Harvard’s Gen Ed curriculum encourages broad and deep examinations of Big Questions

When Kathleen Coleman decided to create a new General Education course, she homed in on something universal: the inevitability of loss.

“A couple of years ago, faculty were asked to think of courses that would help to prepare students for problems they were facing in their lives on a global scale, like climate change or terrorism,” the James Loeb Professor of the Classics said. “I immediately thought of something that everybody will have to face: personal loss.”

As one of 160 classes comprising the College’s new program in General Education, which launches this fall, Coleman’s course examines reactions to death, amputation, exile, homelessness, and other crises. This comprehensive, cross-disciplinary approach illustrates the larger goals of the Gen Ed Program, which focuses on urgent problems and enduring questions that connect educational studies to the world outside the classroom. The program comprises four areas: Aesthetics & Culture, Ethics & Civics, Histories, Societies, Individuals, and Science & Technology in Society.

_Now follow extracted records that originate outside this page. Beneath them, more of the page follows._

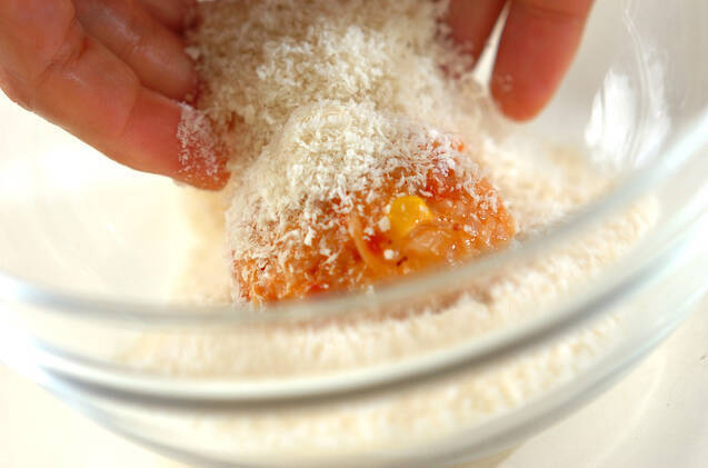 <衣>の小麦粉、溶き卵、パン粉を順番につけ、180℃に予熱しておいた揚げ油でキツネ色になるまで揚げる。器に盛り、ドライパセリを振る。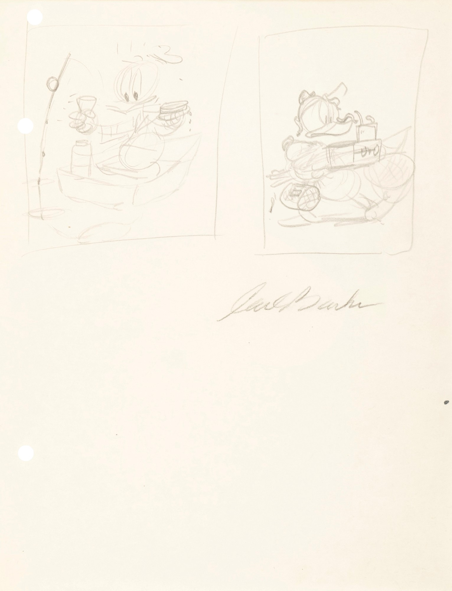 Disegno preliminare realizzato da Barks negli anni '70 probabilmente per uno dei suoi dipinti ad olio. Firmato.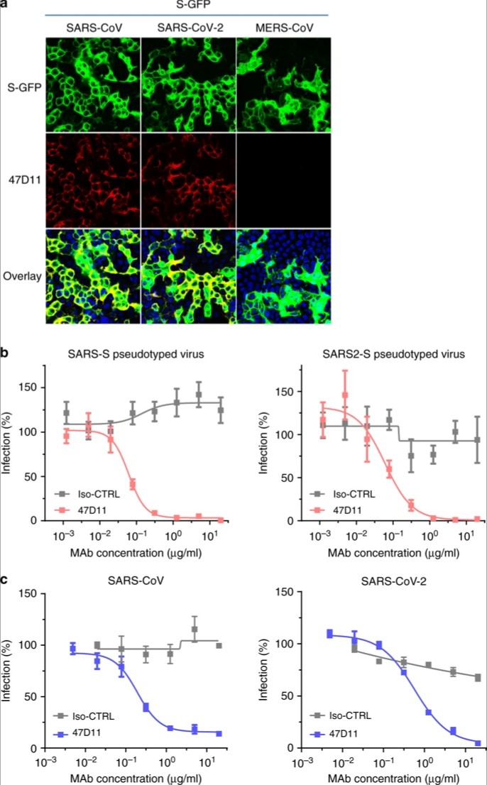 The emergence of the novel human coronavirus SARS-CoV-2 in Wuhan, China has caused a worldwide epidemic of respiratory disease (COVID-19). Vaccines and targeted therapeutics for treatment of this disease are currently lacking. Here we report a human monoclonal antibody that neutralizes SARS-CoV-2 (and SARS-CoV) in cell culture. This cross-neutralizing antibody targets a communal epitope on these viruses and may offer potential for prevention and treatment of COVID-19.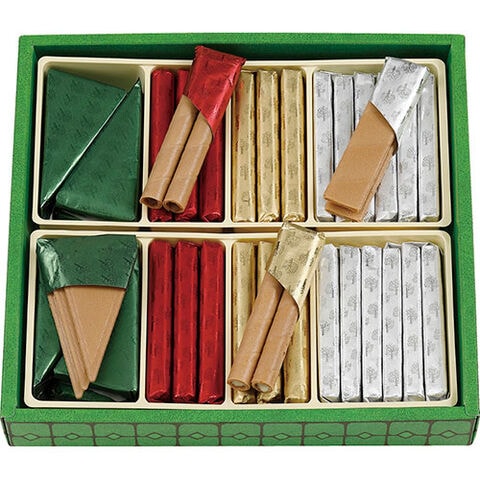 セット内容 : 三角(3枚入)×8、短冊(2枚入)×12、丸型(ミルクチョコ・ホワイトチョコ)(各2本入)×各6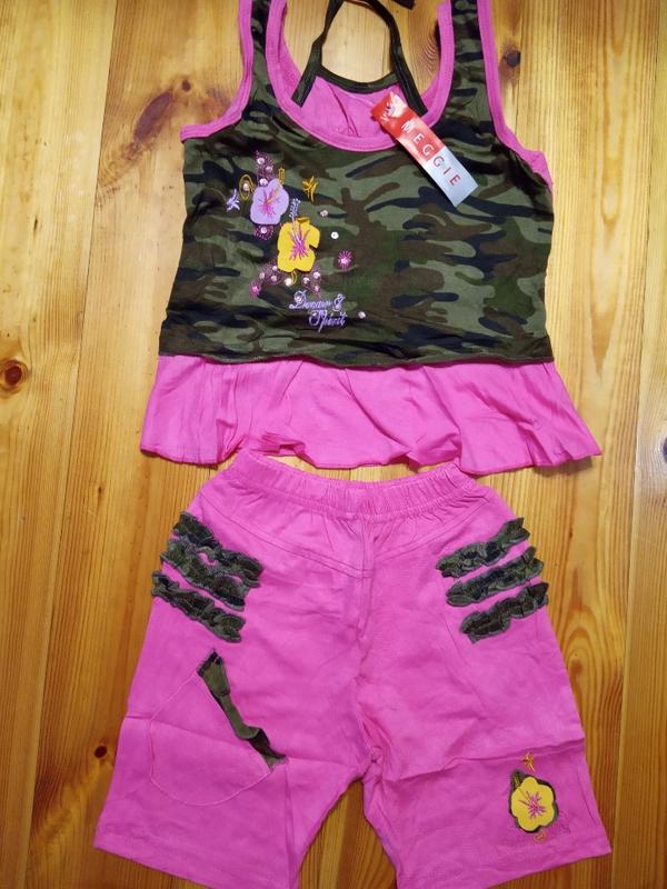 Симпатичный яркий летний костюм. Ткань натуральная 95% коттона, 5% спандекса (трикотаж), приятная, мягкая. На лето незаменим!) Майка украшена вышивкой и паетками, бисером. Цвета - коралл, розовый, салатовый, жёлтый. На возраст от 2 лет и до 8 примерно. Замеры: майка - ДИ/ПОГ шорты -ДИ/ПОБ 10 - майка: 32/28 шорты: 27/28 12 - майка: 35/30 шорты: 29/30 14 - майка: 39/32 шорты: 31/32 16 - майка: 42/34 шорты: 33/34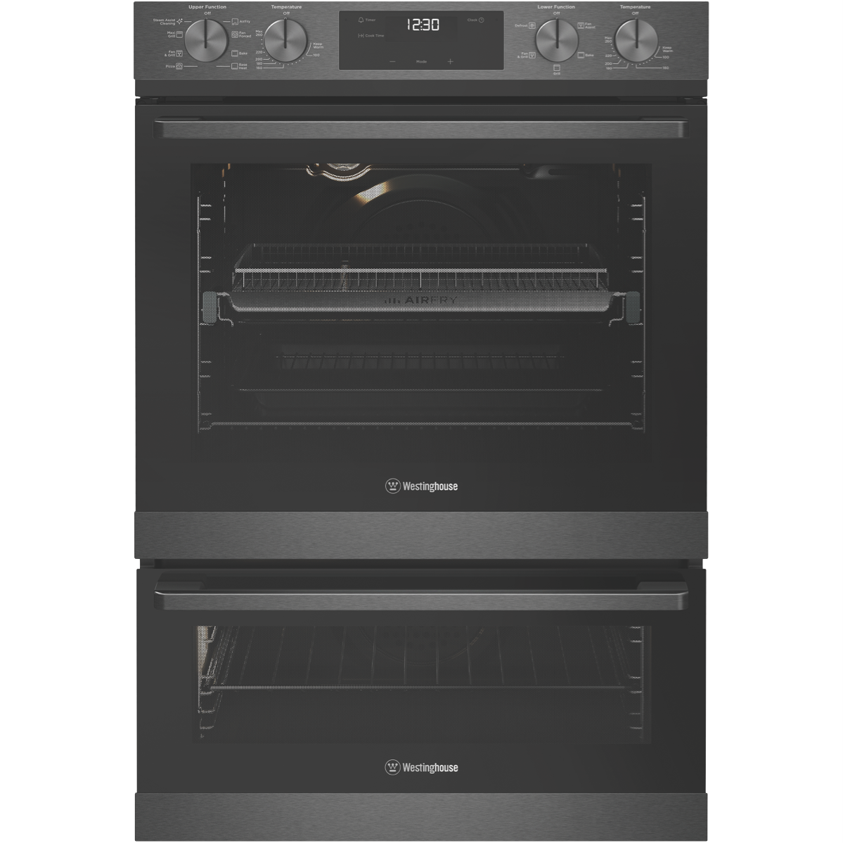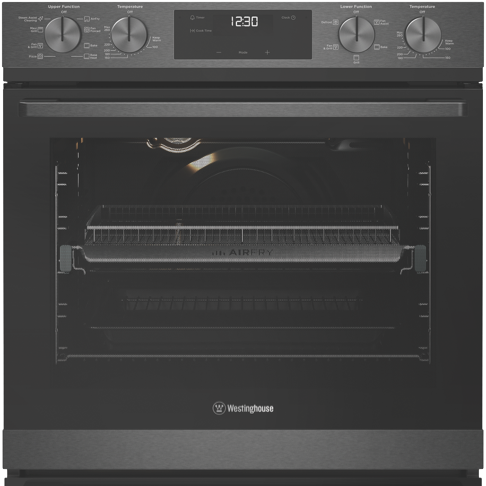The stylish Westinghouse 60cm Electric Double Oven in Dark Stainless Steel finish is designed to be the centerpiece of your kitchen. With generous 72L and 38L usable capacities this double oven lets you cook multiple dishes at once. The main oven has 8 functions including AirFry SteamAssist Clean pizza and traditional bake while the second oven has 5 functions like grill bake and defrost. The control knob and touch control LED panel offer convenient operation. The included accessories like baking trays grill inserts oven racks and more let you get cooking straight away. This double oven can be installed by a professional to maximize your cooking potential. With a 2 year manufacturer's warranty the Westinghouse Double Oven provides the reliability and performance you need to feed the whole family. The manufacturer's part number for this product is WVE6526DD. Bring home the Westinghouse 60cm Electric Double Oven today for serious multi-tasking abilities.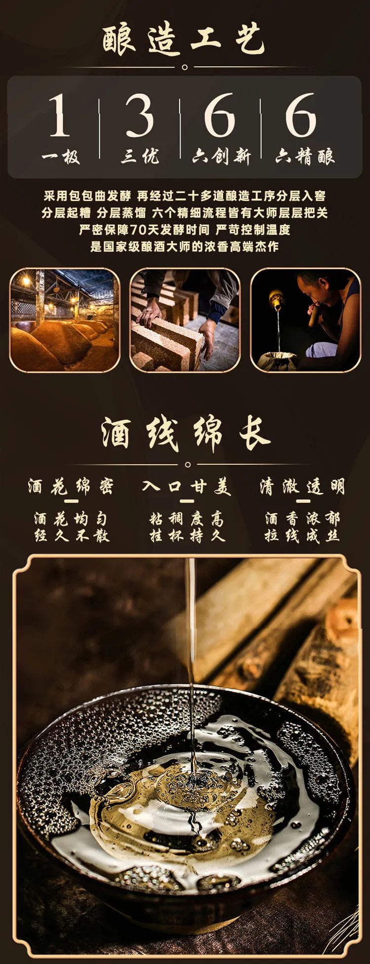 传统古法、优级品质,入口柔软绵润,口感干净爽口,回味悠长。无论是搭配美食还是单独品饮,都能够带给您与众不同的味觉体验。具有酒丝成线、酒花饱满、挂杯明显等特征,酒液清澈透明,酒味醇厚甘美,柔和净爽,诸味谐调,回味悠长、空杯留香的独特风格。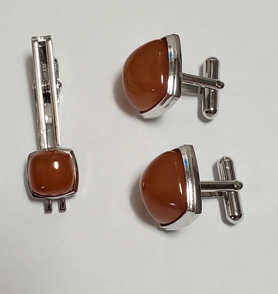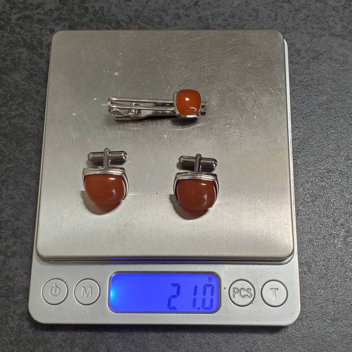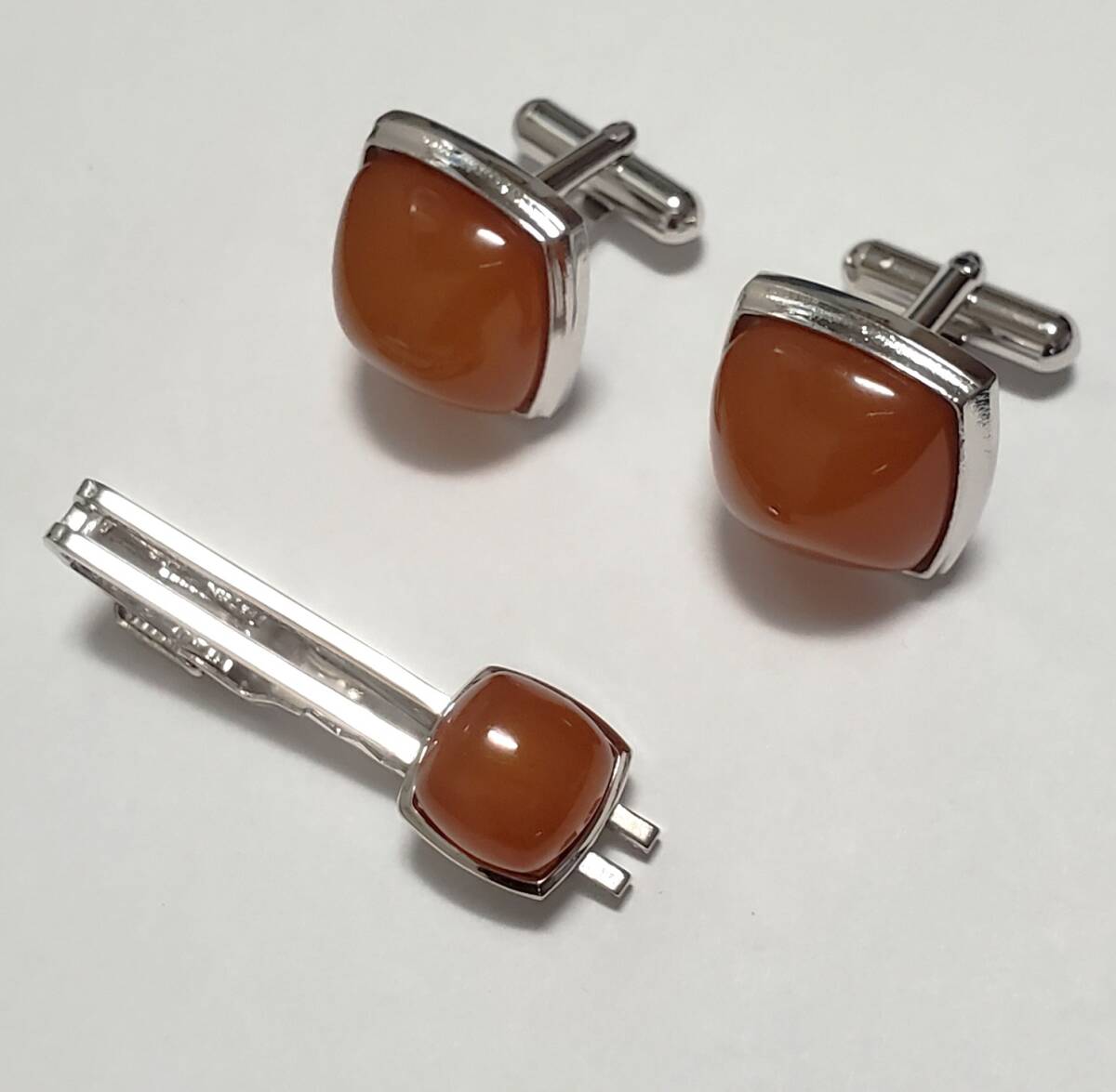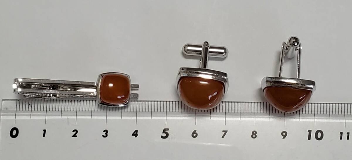 琥珀 コハク   カフスボタン&タイピン シルバーカラー メンズ アクセサリー  21g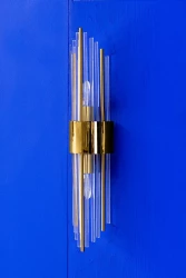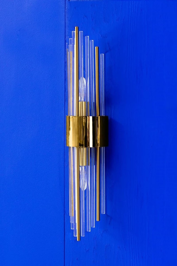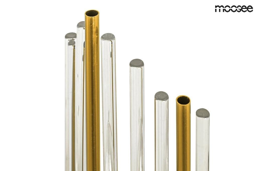 Snop światła przebija się przez transparentne klosze, a zatrzymuje na złoto-pomarańczowych rurkach, co tworzy niezwykły efekt wizualny.

“We want Gen Ed courses to be distinctive, not only in the kinds of questions they pose and the kinds of approaches they take, but also in the way they’re taught,” said Dean of Undergraduate Education Amanda Claybaugh.

Coleman has three goals for her class, which is part of Aesthetics & Culture: to help students prepare to face major setbacks in their lives, to teach them how to develop empathy toward others who have suffered a loss, and to show them that the arts can provide comfort.

“I want them to know that people long ago and far away have felt the same things they may be feeling, and that we can reach out across the millennia and hold the hand of someone who has been there before us,” she said, citing requiem masses; Joan Didion’s memoir about the death of her husband, “The Year of Magical Thinking”; and Houston’s Rothko Chapel, an art-filled interfaith sanctuary, as examples on the syllabus.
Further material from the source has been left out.